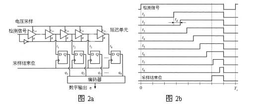 [page]控制處理器由高速A/D轉換器,數(shù)字PID補償器和數(shù)字DPWM輸出組成。外部存儲器記錄了控制處理器的相關程序。高速A/D轉換器是基于CMOS的傳輸延遲時間td 影響輸入電壓VDD的原理做成的,VDD電壓和傳輸時間是成近似的反比例關系,即VDD越大,信號傳輸延遲時間越小。如圖2所示,以CMOS的輸入電壓VDD作位采樣電壓的輸入口,各信號之間的傳輸時間延時td受采樣電壓VDD影響。第四分之三個采樣周期過后采樣結束位產(chǎn)生高電平,開始記錄q1到q8的輸出,把得到的結果送入編碼器得到數(shù)字輸出e,完成A/D轉換。如圖2b所示,數(shù)字采樣值為11111100.VDD越大,td越小得到的采樣值越大。
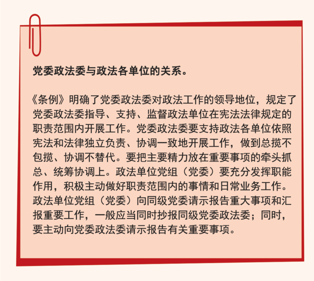 《条例》明确规定,党委政法委是党委领导和管理政法工作的职能部门,是实现党对政法工作领导的重要组织形式;政法单位是党领导下从事政法工作的专门力量,主要包括审判机关、检察机关、公安机关、国家安全机关、司法行政机关等单位。做好新时代政法工作,既需要各主体履行好各自职责,也需要处理好“上下左右”的关系。
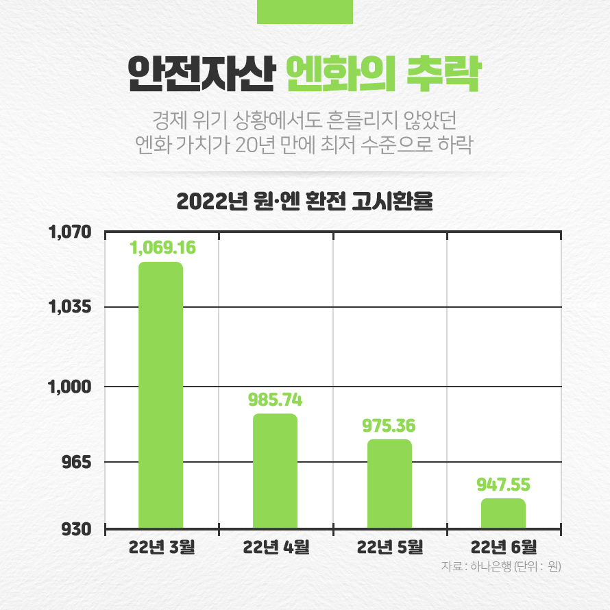 탄탄한 자산을 보유한 경제 대국인 만큼 30년간의 경제 침체에도 불구하고 엔화는 안전자산으로서의 위치를 유지해 왔는데요. 그런데 엔화의 가치가 무려 20년 만에 최저 수준으로 떨어지며 엔화의 가치가 몰락했다는 이야기가 나오고 있습니다. 2022년 고시 환율에 따르면, 3월 7일 1,069.16원이었던 엔화의 가치가 4월 7일 985.74원, 5월 6일 975.36원, 6월 7일 947.55원으로 계속해서 하락하고 있습니다.
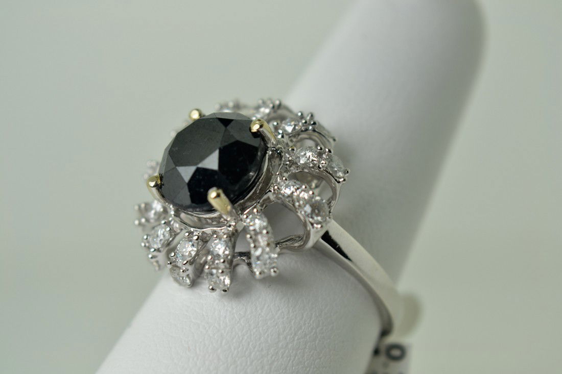 Black/White Diamond Ring 2.18Ct 14K White Gold
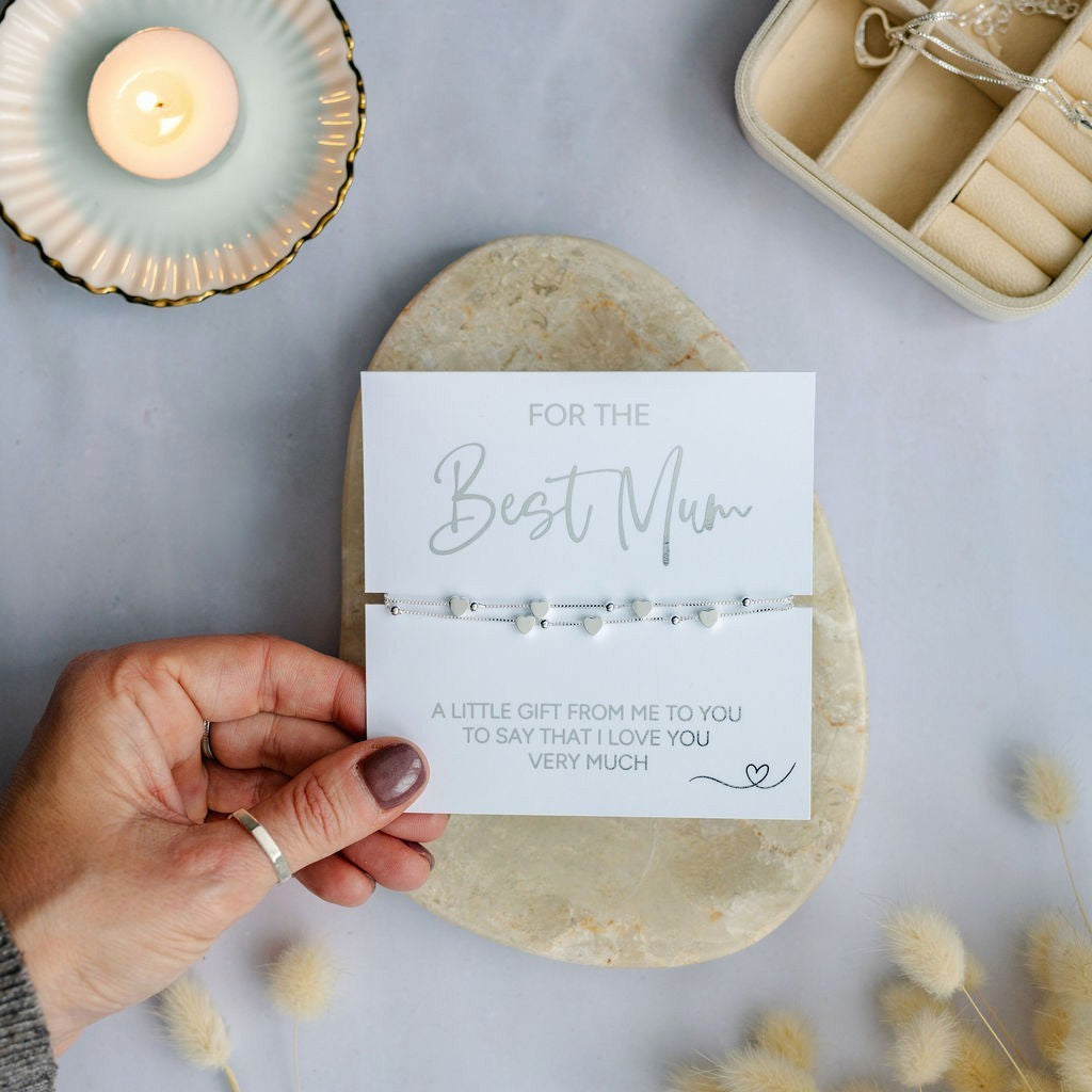 This heart charm bracelet for Mum is an ideal gift to show how much she means to you, whether as a birthday gift for Mum, a Mother’s Day gift or a thank you gift.
------------------------------
* Problem to work on *
Set down the data above word for word, leaving every picture out.

* The answer *
 [page]控制處理器由高速A/D轉換器,數(shù)字PID補償器和數(shù)字DPWM輸出組成。外部存儲器記錄了控制處理器的相關程序。高速A/D轉換器是基于CMOS的傳輸延遲時間td 影響輸入電壓VDD的原理做成的,VDD電壓和傳輸時間是成近似的反比例關系,即VDD越大,信號傳輸延遲時間越小。如圖2所示,以CMOS的輸入電壓VDD作位采樣電壓的輸入口,各信號之間的傳輸時間延時td受采樣電壓VDD影響。第四分之三個采樣周期過后采樣結束位產(chǎn)生高電平,開始記錄q1到q8的輸出,把得到的結果送入編碼器得到數(shù)字輸出e,完成A/D轉換。如圖2b所示,數(shù)字采樣值為11111100.VDD越大,td越小得到的采樣值越大。
 《条例》明确规定,党委政法委是党委领导和管理政法工作的职能部门,是实现党对政法工作领导的重要组织形式;政法单位是党领导下从事政法工作的专门力量,主要包括审判机关、检察机关、公安机关、国家安全机关、司法行政机关等单位。做好新时代政法工作,既需要各主体履行好各自职责,也需要处理好“上下左右”的关系。
 탄탄한 자산을 보유한 경제 대국인 만큼 30년간의 경제 침체에도 불구하고 엔화는 안전자산으로서의 위치를 유지해 왔는데요. 그런데 엔화의 가치가 무려 20년 만에 최저 수준으로 떨어지며 엔화의 가치가 몰락했다는 이야기가 나오고 있습니다. 2022년 고시 환율에 따르면, 3월 7일 1,069.16원이었던 엔화의 가치가 4월 7일 985.74원, 5월 6일 975.36원, 6월 7일 947.55원으로 계속해서 하락하고 있습니다.
 Black/White Diamond Ring 2.18Ct 14K White Gold
 This heart charm bracelet for Mum is an ideal gift to show how much she means to you, whether as a birthday gift for Mum, a Mother’s Day gift or a thank you gift.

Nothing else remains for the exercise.